Skeletal tracking is a computer-vision process that scans each video frame, identifies where major joints (shoulders, hips, elbows, wrists, knees, ankles) most likely are, and connects them into a simplified moving stick figure overlaid on the original footage. This stick figure is the raw material every subsequent measurement — rotation angles, posture changes, weight distribution estimates — is calculated from.
Tracking quality depends heavily on video conditions: a clear, well-lit video with the whole body visible and minimal background clutter produces a much more reliable skeleton than a dim, cropped, or busy video where loose clothing or an unusual camera angle can confuse the joint-detection model. This is why camera angle guidance and lighting matter so much for any video-based swing analysis tool.
Skeletal tracking is the same underlying category of technology used in sports broadcasting overlays, fitness apps, and some smartphone health features — golf swing analysis is one particular application of a much broader computer-vision capability.
Example
Software processing a swing video draws a simplified stick figure over the golfer's body, tracking how the shoulder and hip joints rotate frame by frame through the backswing and downswing.
Common mistakes
- Filming in low light, baggy clothing, or with the body partially out of frame, all of which degrade how reliably the joints can be identified and tracked.

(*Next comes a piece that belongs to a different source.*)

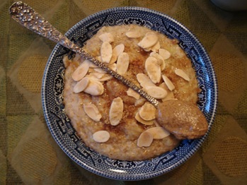We have had this box of Hodgson Mill MultiGrain Cereal in our pantry for over 2 years – I know that because we moved into this house with it! There was only 1 serving left so we’ve been saving it for a time when there’s just 1 of us home. Today was the day. I like this cereal, which is made from oats, oatbran and flax, but it’s not as sweet and creamy (or cheap!) as regular oats. But fun for a change. Today, though, I think the last bit was too old because it tasted a little stale. I put in just over the 1/3 cup serving (to use it up) with 3/4 cup water, 1/4 cup 2% milk, and 1 medium banana.
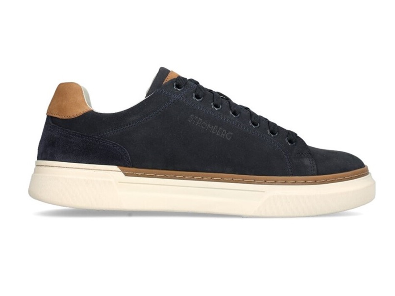 Verratti från Glenn Strömberg Collection är en stilren och bekväm sneaker tillverkad i mjukt marinblå nubuckläder, med eleganta blå detaljer. Skorna är utrustade med robusta metallöljetter och slitstarka nylonsnören, vilket garanterar en säker och hållbar passform. Den mjukt polstrade tungan ger extra komfort, medan den uttagbara innersulan erbjuder flexibilitet och möjlighet till anpassning.

In SwingVantage Motion Lab
Skeletal tracking is the core technology behind SwingVantage's pose-based swing analysis. The system flags when video conditions — poor lighting, an unusual angle, a partially cropped body — likely reduced tracking reliability, and adjusts its confidence labeling accordingly rather than presenting a low-quality skeleton as a precise measurement.
Related terms
- Pose EstimationPose estimation is the computer-vision technique of identifying a person's body position, joint by joint, from an ordinary 2D video frame — the core technology behind markerless swing analysis apps.
- Motion CaptureMotion capture records a golfer's body movement in three dimensions, traditionally using reflective markers and multiple cameras, to build a precise digital skeleton of the swing for biomechanical analysis.
- 3D Swing Analysis3D swing analysis reconstructs the golf swing in three-dimensional space from motion capture or multi-camera video, letting angles like hip rotation or spine tilt be measured directly instead of estimated from a flat, single-angle image.
- Analysis Confidence LevelAnalysis confidence level is a stated measure of how reliable a video-derived swing observation is, based on factors like camera angle, lighting, and frame rate — a safeguard against presenting a rough estimate as a certain fact.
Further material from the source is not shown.